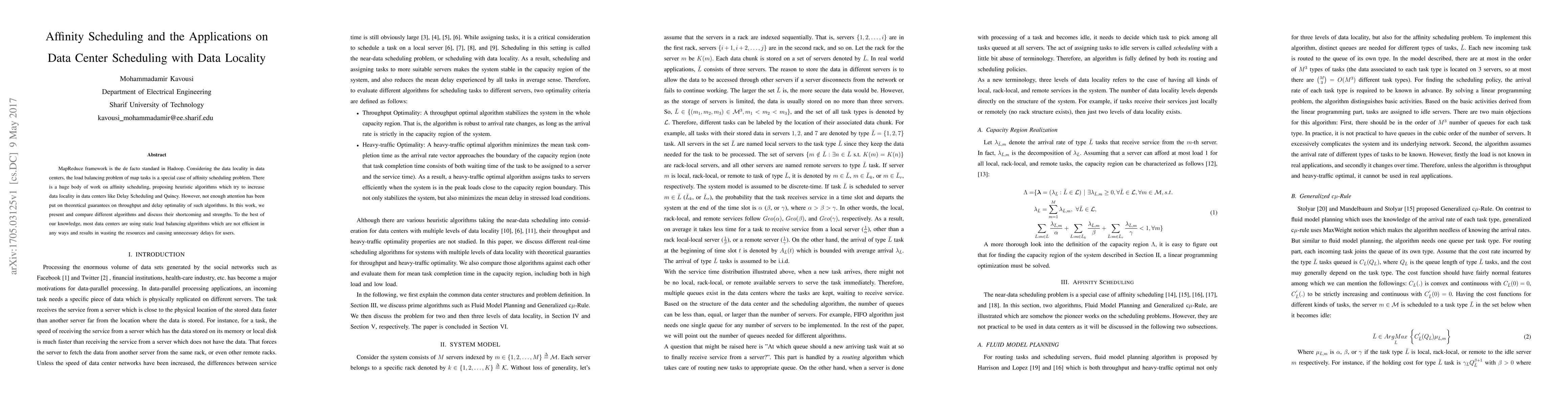 This paper examines affinity scheduling algorithms for optimizing data locality in data centers, particularly within the MapReduce framework. It compares existing heuristics like Delay Scheduling and Quincy, highlighting their shortcomings and strengths, and argues that static load balancing algorithms are inefficient and resource-wasting.
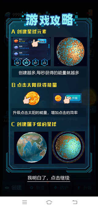 点开游戏的帮助界面,你会看到一些小提示。在这里,你能够创建星球元素,创建的数量越多,每秒获取的能量也就越多。此外,点击太阳也能获取能量,要是对点击太阳所获能量进行升级,还能提升点击效率。完成这些后,就可以打造属于你自己的星球啦。
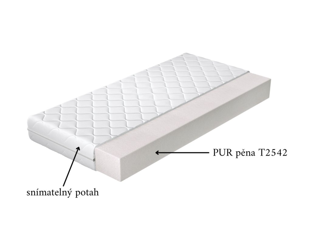 Výplň matrace se skládá z PUR pěny a je chráněná snímatelným potahem.
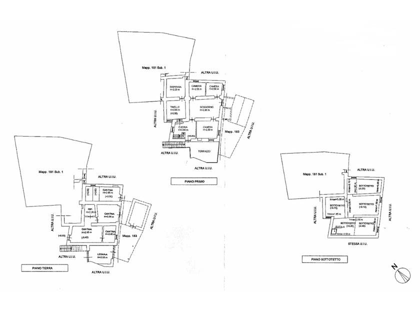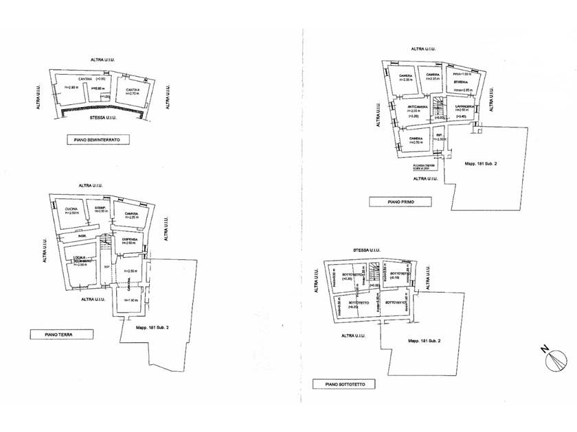 - Quattro livelli: seminterrato con due cantine; piano terra con ingresso, cucina, disimpegno, camera, dispensa e locale di sgombero; piano primo con tre camere da letto, due locali di sgombero e un ripostiglio; sottotetto.

Requirement: Repeat every line of the data exactly, but do not include pictures.

Output:
 This paper examines affinity scheduling algorithms for optimizing data locality in data centers, particularly within the MapReduce framework. It compares existing heuristics like Delay Scheduling and Quincy, highlighting their shortcomings and strengths, and argues that static load balancing algorithms are inefficient and resource-wasting.
 点开游戏的帮助界面,你会看到一些小提示。在这里,你能够创建星球元素,创建的数量越多,每秒获取的能量也就越多。此外,点击太阳也能获取能量,要是对点击太阳所获能量进行升级,还能提升点击效率。完成这些后,就可以打造属于你自己的星球啦。
 Výplň matrace se skládá z PUR pěny a je chráněná snímatelným potahem.
 - Quattro livelli: seminterrato con due cantine; piano terra con ingresso, cucina, disimpegno, camera, dispensa e locale di sgombero; piano primo con tre camere da letto, due locali di sgombero e un ripostiglio; sottotetto.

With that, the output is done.